Por Florencia Donovan - El Banco Central (BCRA) ya enfrió el mercado de dólar y ahora tendría la vista puesta en el mercado de tasas de interés en pesos. Si bien desde la entidad hace tiempo que venían convalidando un leve encarecimiento en el costo del dinero –una manera sutil de ir enfriando la economía–, no estarían dispuestos a dejar que las tasas suban de manera abrupta. El viernes, pese a que el dólar cerró a $ 3,18, casi tres centavos por debajo del precio con el que había arrancado la semana, las tasas siguieron recalentándose. Un plazo fijo mayorista a 30 días se pagaba más del 14,5% anual, mientras que los préstamos a un día para empresas llegaban a cotizarse a tasas del 17%.

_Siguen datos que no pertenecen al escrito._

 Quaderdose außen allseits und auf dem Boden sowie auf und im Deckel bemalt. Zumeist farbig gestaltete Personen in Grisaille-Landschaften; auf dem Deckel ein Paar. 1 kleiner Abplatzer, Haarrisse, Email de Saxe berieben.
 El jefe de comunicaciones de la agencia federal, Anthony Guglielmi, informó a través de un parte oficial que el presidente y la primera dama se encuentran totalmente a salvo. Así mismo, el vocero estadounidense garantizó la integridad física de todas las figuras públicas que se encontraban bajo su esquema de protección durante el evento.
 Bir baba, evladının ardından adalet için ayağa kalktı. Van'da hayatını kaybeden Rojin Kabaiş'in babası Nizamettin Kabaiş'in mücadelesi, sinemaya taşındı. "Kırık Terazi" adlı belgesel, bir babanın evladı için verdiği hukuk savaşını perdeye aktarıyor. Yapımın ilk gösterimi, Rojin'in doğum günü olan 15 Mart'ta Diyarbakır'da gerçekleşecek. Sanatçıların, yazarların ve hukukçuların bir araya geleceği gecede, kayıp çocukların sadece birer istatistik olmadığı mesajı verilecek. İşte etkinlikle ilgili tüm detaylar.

Desde el BCRA, empezarían a dar señales para frenar la encarecimiento del costo del dinero. Ya la semana pasada, la entidad buscó abastecer de pesos al circuito mediante la recompra de títulos en el mercado secundario –Lebac y Nobac, además de bonos soberanos–, y habilitando nuevamente la ventanilla de pases, a través de la cual le da la posibilidad a los bancos de tomar préstamos a corto plazo contra garantía de títulos públicos. Así, el interés de los plazos fijos mayoristas podría retroceder a niveles del 12%, pero, se cree, no volvería a los valores de diciembre cuando estaba en torno al 8%.
También el Banco Nación hizo lo propio. La principal entidad estatal, una de las más líquidas del mercado gracias a que custodia los pesos de las principales administraciones públicas, como ANSeS, estuvo durante toda la semana ofreciendo financiamiento al resto de las entidades bancarias. Gracias al Nación fue que el call, que es la tasa que se paga por préstamos a un día entre bancos, terminó el viernes al 11% y vendedor.

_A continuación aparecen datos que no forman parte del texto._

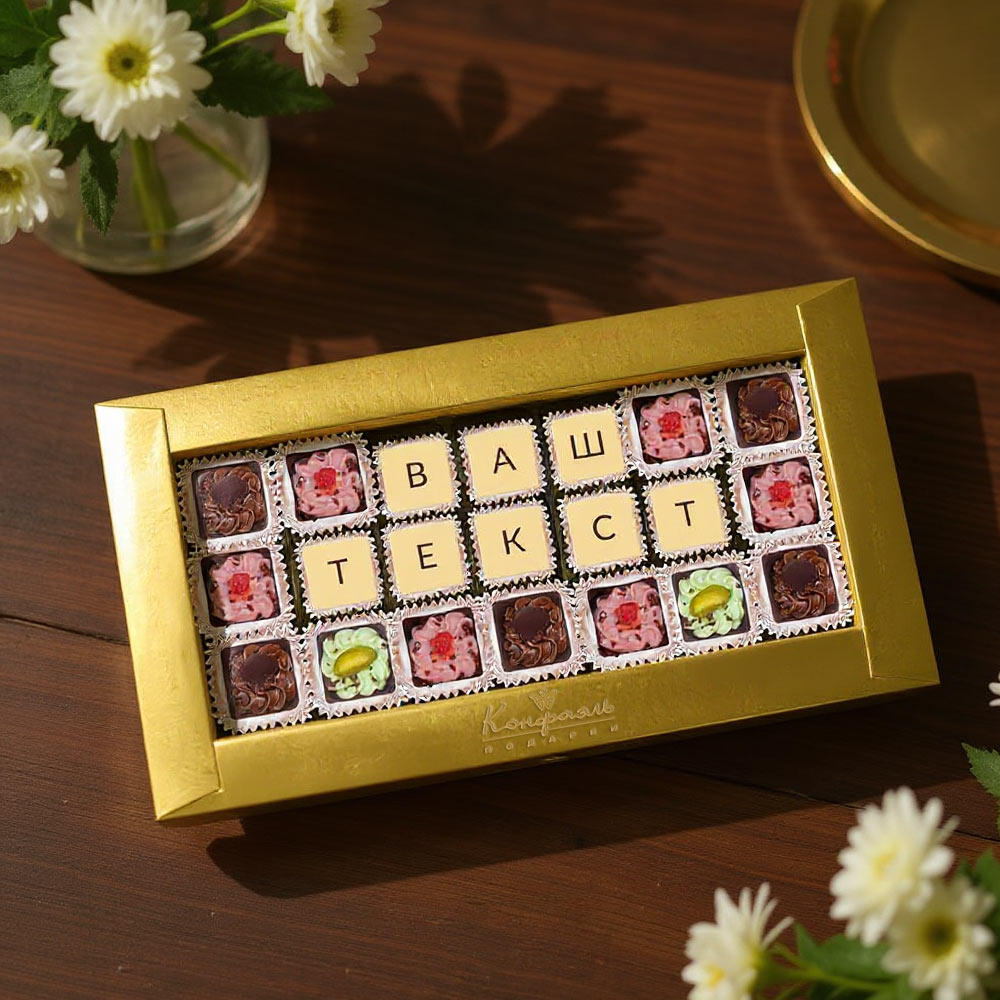 Текст выкладывается съедобной шоколадной мозаикой, которую с удовольствием съест получатель.

Para David Mermelstein, economista jefe de Econviews el sistema bancario además no sufrió tanto como se especuló en estos días de turbulencia. “Los números muestran que durante la semana del 5 al 9 de mayo, la de mayor ruido en los mercados desde que se agudizó el conflicto con el campo, los depósitos en pesos del sector privado cayeron en $ 1.900 millones respecto del viernes inmediatamente anterior, es decir un 1,3%, lo cual es una caída inferior a la prevista y que se mantiene dentro de un rango razonable dado el contexto”, señala el economista, para quien “lo más probable es que los números de la semana que acaba de terminar muestren una salida de depósitos mucho más moderada, gracias a que el clima en los mercados financieros fue menos turbulento”.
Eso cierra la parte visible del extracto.